Public university in Krasnodar, Russia

Kuban State Agrarian University (KubSAU; Кубанский государственный аграрный университет, КубГАУ) is a university located in Krasnodar, a city in southern Russia.

== History ==
In 1918, an agricultural department was established at the Kuban Polytechnic.

On March 12, 1922, by a decree of the People's Commissariat for Education of the USSR, the Kuban State Agricultural Institute was established and received legal independence.

In 1991, the institute was transformed into the Kuban State Agrarian University. The university is named after I.T. Trubilin.

From 1970 to 2007, the university was headed by Ivan Timofeevich Trubilin — Hero of Socialist Labour, Hero of Kuban Labour, honorary citizen of Krasnodar, Honored Scientist of the Russian Federation, Academician of the Russian Academy of Sciences, Doctor of Economics, Professor.

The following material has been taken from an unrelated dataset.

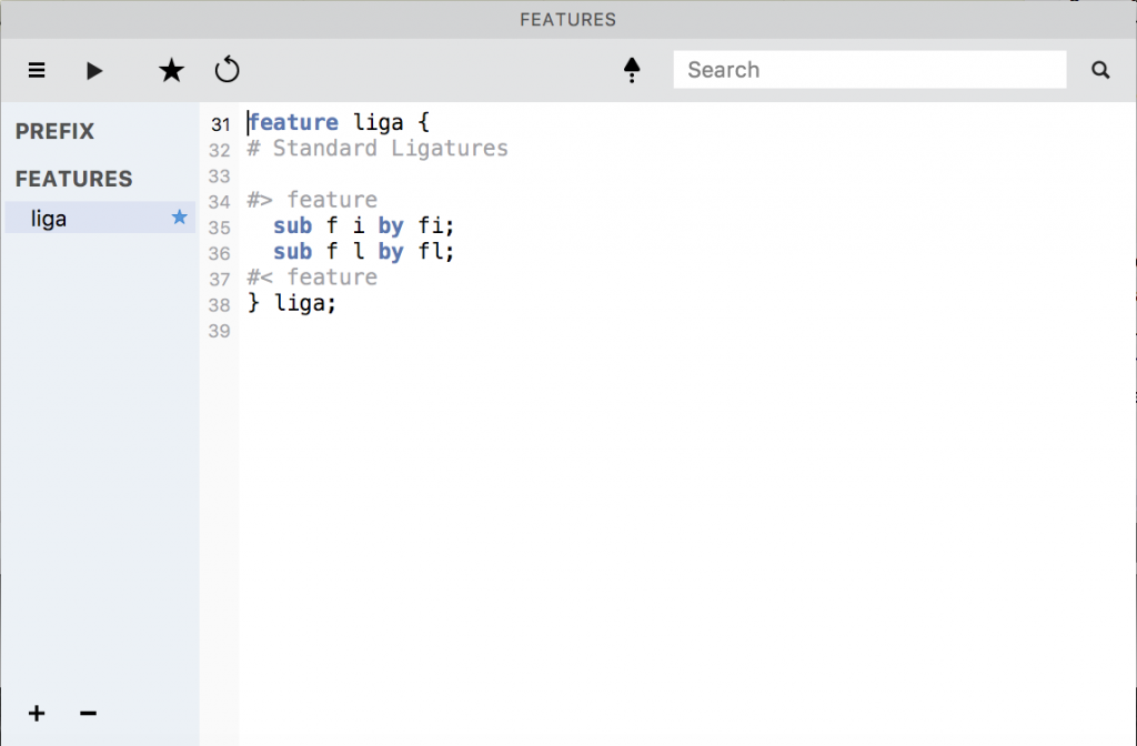 Une nouvelle fonction est créée avec le nom « xxxx ». Dans la partie droite de la fenêtre, un début de code est déjà écrit. Remplacer xxxx par le nom de la fonction souhaitée, au début et à la fin du code, c’est à dire avant et après les accolades. Pour les ligatures utiliser « liga ». Dans la colonne Name, à gauche, le nouveau nom remplace « xxxx » automatiquement.

In April 2026, while the university was holding a video conference for the military recruitment of the Russian army, a Ukrainian soldier hacked the event and told the students he would be forced to kill them if they joined the army.

== Faculties ==
===Agriculture===
- Agronomical faculty
- Agrochemistry
- Plant protection
- Veterinary medicine
- Zooengineering and managemanet
- Fruit and vegetable cultivation
- Viticulture

===Engineering===
- Processing technologies
- Engineering and land use planning
- Land cadastre
- Water engineering and melioration
- Water supply and water removal
- Construction engineering
- Architectural engineering
- Mechanical faculty
- Power engineering and electrification

===Economics===
- Economics
- Financial accounting
- Finance and credit
- Applied information science
- Institute of digital economics and innovation (since 2022)

===Other===
- Administration
- Faculty of Law
- Military training center (MTC)

== Awards and honours ==
1967 - Order of the Red Banner of Labour (for services to the training of agricultural specialists, for the development of scientific research).

2015 - The university was awarded for its contribution to the development of the program "Leaders of the agroindustry" (cooperation with PepsiCo).

2022 - Rector Alexander Trubilin was awarded the medal of the Order "For Merit to the Fatherland" of the first degree.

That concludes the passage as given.